Inhibikase Therapeutics received the go-ahead from the FDA to launch a study of IkT-001Pro for chronic myelogenous leukemia. IkT-001Pro is a prodrug formulation of imatinib mesylate and is designed to improve the safety of Gleevec (imatinib).
Suzhou Junjing Biomedical Technology Co.’s IND for JS110 was approved by the FDA. The drug is a small molecule inhibitor of the nuclear export protein XPO1 for advanced tumors.
August 25
Iovance Biotherapeutics initiated a rolling BLA submission to the FDA for li a tumor infiltrating lymphocyte therapy, in advanced melanoma patients. The therapy is intended for patients who have progressed on or after previous anti-PD-1/L1 therapy, are BRAF mutation positive and have previously received BRAF or BRAF/MEK inhibitorMEK inhibitor therapy.
Century Therapeutics received the green light from the FDA to proceed with its ELiPSE-1 trial of CNTY-101 in patients with relapsed or refractory CD19 positive B-cell malignancies. CNTY-101 is an allogeneic cell therapy engineered with four complementary functionalities, including a CD19 CAR for tumor targeting, IL-15 support for enhanced persistence, Allo-Evasion technology to prevent host rejection and enhanced persistence. It also has a safety switch to eliminate the drug if necessary.
Therapeutic Solutions International filed an amendment with the FDA regarding its currently open Phase III trial. The company is requesting that eligibility be expanded to include all patients suffering from acute respiratory distress syndrome (ARDS) regardless of cause. It is currently only recruiting patients with advanced ARDS caused by COVID-19.
B.More reported the FDA approved its IND application to launch a Phase IIb trial of SYNP-101 (psilocybin) for patients with alcohol use disorder. The trial is expected to start in early 2023.
August 24
Calyptus Pharmaceuticals’s Abbreviated NDA (ANDA) for Brovana (arformoterol tartrate inhalation solution) was approved by the FDA. The drug, co-developed with VistaPharm, is indicated for the long-term, twice-daily maintenance treatment of bronchoconstriction in COPD patients, including chronic bronchitis and emphysema.
Surgalign Holdings reported FDA 510(k) clearance of the Cortera Spinal Fixation System. It will integrate the system with the HOLO Portal surgical guidance system.
Tachyon Therapeutics received the go-ahead from the FDA to initiate a Phase Ia trial of TACH101 for advanced solid tumors. The drug is a KDM4 inhibitor.
Ainos submitted an IND to the FDA for a Phase II trial of Veldona, a low-dose oral interferon-alpha formulation, for mild symptoms related to COVID-19.
August 23
Foghorn Therapeutics announced that the FDA placed a full clinical hold on a Phase I dose escalation study of FHD-286 in relapsed or refractory acute myelogenous leukemia and myelodysplastic syndrome.

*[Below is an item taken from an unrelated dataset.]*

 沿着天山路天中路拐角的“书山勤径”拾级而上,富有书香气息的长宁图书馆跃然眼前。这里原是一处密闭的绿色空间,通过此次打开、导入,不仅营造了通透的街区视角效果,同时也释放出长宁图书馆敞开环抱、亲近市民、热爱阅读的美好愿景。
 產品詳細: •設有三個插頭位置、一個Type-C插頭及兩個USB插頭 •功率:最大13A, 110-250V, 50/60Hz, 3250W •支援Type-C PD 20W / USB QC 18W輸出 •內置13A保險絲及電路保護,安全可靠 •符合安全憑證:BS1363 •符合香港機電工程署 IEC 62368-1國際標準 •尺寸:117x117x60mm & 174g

The drug is a BRG1/BRM inhibitor. The hold was based on a death in the study, but it has not been determined if it is related to the therapy or the disease.

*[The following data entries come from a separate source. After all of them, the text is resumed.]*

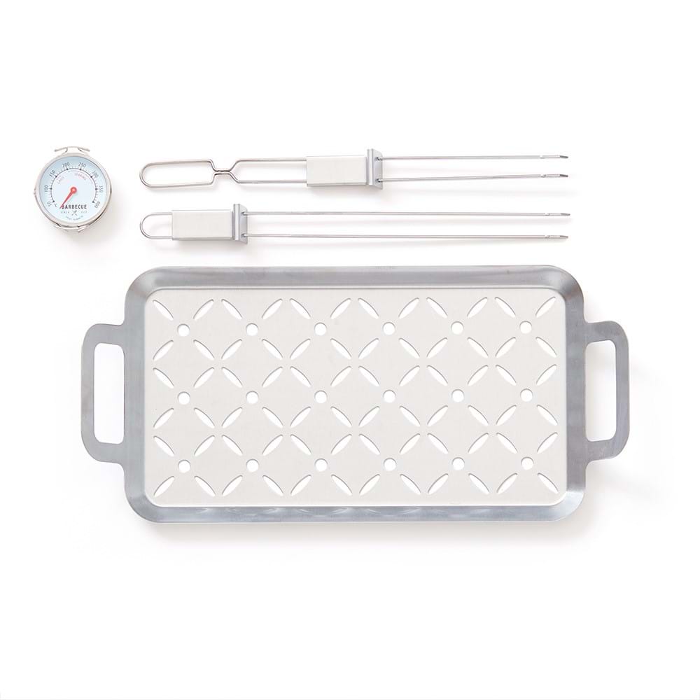 Innehåller en grillbricka i rostfritt stål, två stycken grillspett samt en yttermometer.
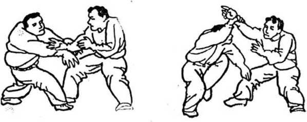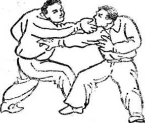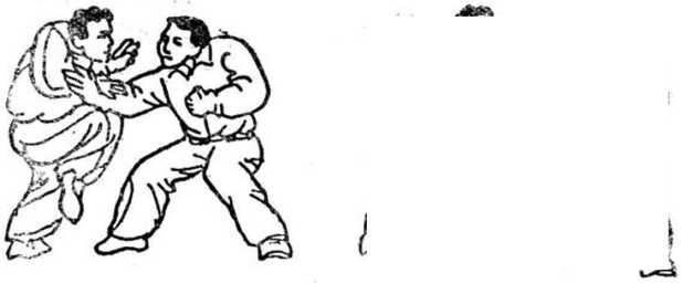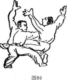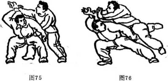 (3 )甲以胯贴乙小腹,再用左手反打其裆(图75)。
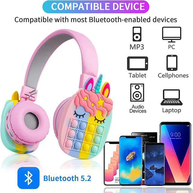 Bluetooth Wireless Headphones for Kids Girls WomenThis kids bluetooth headphones adopts the newest bluetooth 5.2 version that supports connect to various devices with bluetooth like smartphones, tablet, PC and music players. It also can use as a wired headphones (with 3.5mm Aux-in jack) that will be convenient when this headphones out of power. [NOT come with an audio cable]
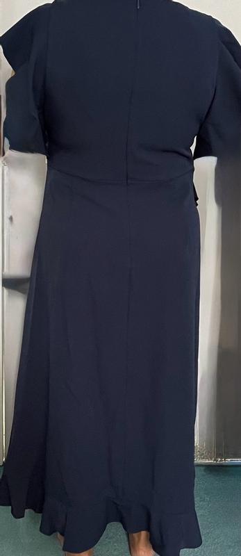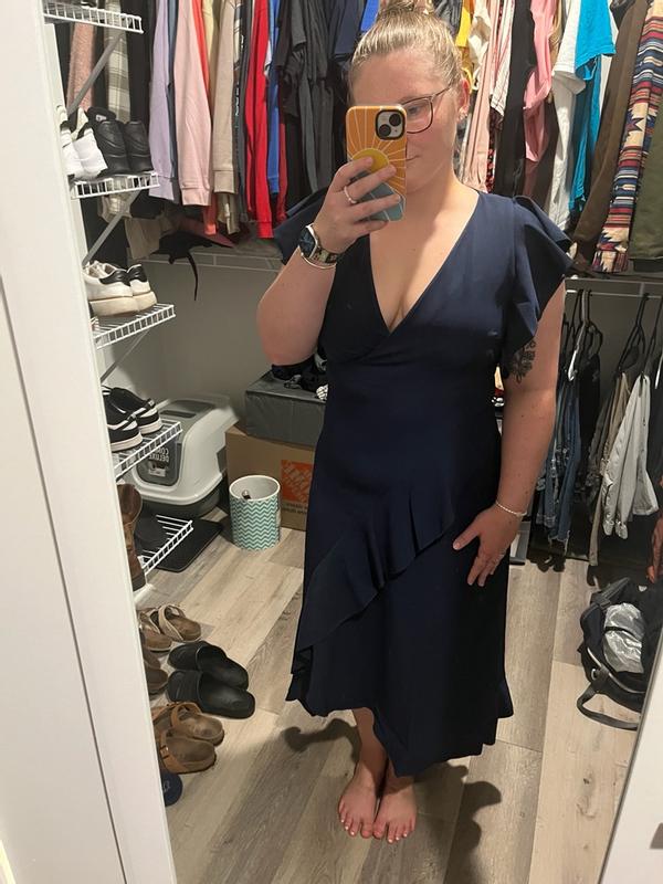 I’m so happy with it! The material feels soft and lightweight, perfect for warm weather but still classy enough for special occasions. The surplice neckline is very flattering without being too low cut, and the ruffle sleeves add a feminine touch that makes the dress look elegant. The length hits right around mid-calf on me (I’m 5’5”), which is just right for both casual and dressy events. The fit is true to size—comfortable around the waist with just enough stretch. I wore it to a wedding and received so many compliments! It pairs well with heels for a dressy look or sandals for something more relaxed. Overall, it’s stylish, comfortable, and versatile. Definitely worth the price, and I would love to get it in more colors!
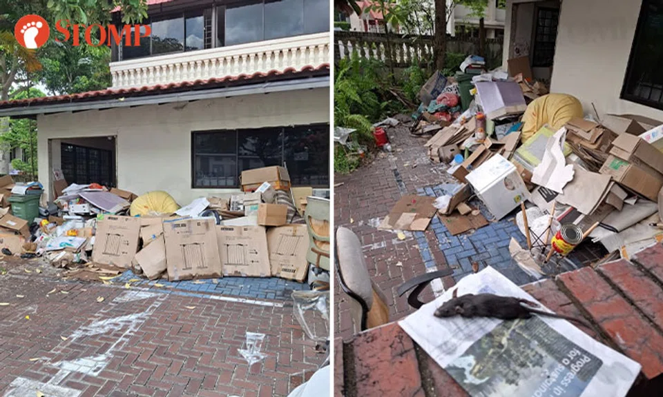 One of the residents shared with Stomp photos of rubbish, including boxes, bins and discarded furniture heaped at the front of his neighbour's landed property.
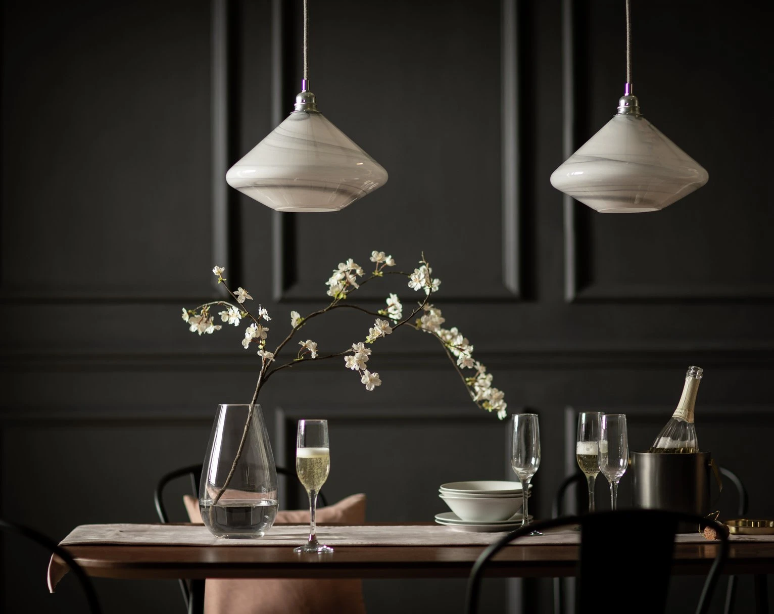 A drop of luxe lighting. With its gently curved silhouette, marble exterior and matt black detailing, there's a lot to love about Lati. And each one is subtly unique. The marbling effect is applied to the glass by hand, so no 2 shades will share the exact pattern. Very cool. Hang it low over your dining table or breakfast bar for a touch of laidback glamour.

Jaguar Health reported the FDA has accepted its application for review for Orphan Drug Designation for Crofelemer. The drug is being evaluated for a rare congenital diarrheal disorder, microvillus inclusion disease (MVID).
K36 Therapeutics received the green light from the FDA to run a Phase I trial of KTX-1001 in patients with relapsed and refractory multiple myeloma, enriching for patients with the t(4;14) genetic translocation. KTX-1001 is a small molecule methyltransferase inhibitor of the multiple myeloma SET domain known as MMSET.
Abbott Laboratories’ Proclaim Plus spinal cord stimulation system featuring FlexBurst360 therapy was approved by the FDA. The product offers pain coverage across up to six areas of the trunk and/or limbs.
Synlogic reported the FDA granted Fast Track designation to its SYNB1353 for the treatment of homocystinuria.
iECURE announced the FDA has granted Rare Pediatric Disease Designation to GTP-506. The drug is being developed to treat Ornithine Transcarbamylase (OTC) deficiency.
August 22
Pfizer was instructed by the FDA to run a clinical trial to evaluate an additional course of its antiviral combination therapy Paxlovid in people who experienced COVID-19 rebound infections. The company is expected to have initial data by Sept. 30, 2023.
Pharvaris reported the FDA has placed a clinical hold on the trials of PHA121 under two Pharvaris INDs for treatment of hereditary angioedema (HAE). The hold is based on reviews of nonclinical data.
Ocelot Bio’s OCE-205 received Orphan Drug Designation from the FDA for treatment of hepatorenal syndrome. It is currently enrolling patients in a Phase II trial of the drug in hepatorenal syndrome with acute kidney injury.
Thermedical received the green light from the FDA to run a trial for SERF ablation to treat ventricular tachycardia patients resistant to conventional treatment. SERF ablation with the Durablate catheter will be the focus of the study.
DynamiCure was cleared by the FDA to run a Phase I trial of DC-6001, a therapeutic antibody against CD93, in adults with a range of advanced cancers.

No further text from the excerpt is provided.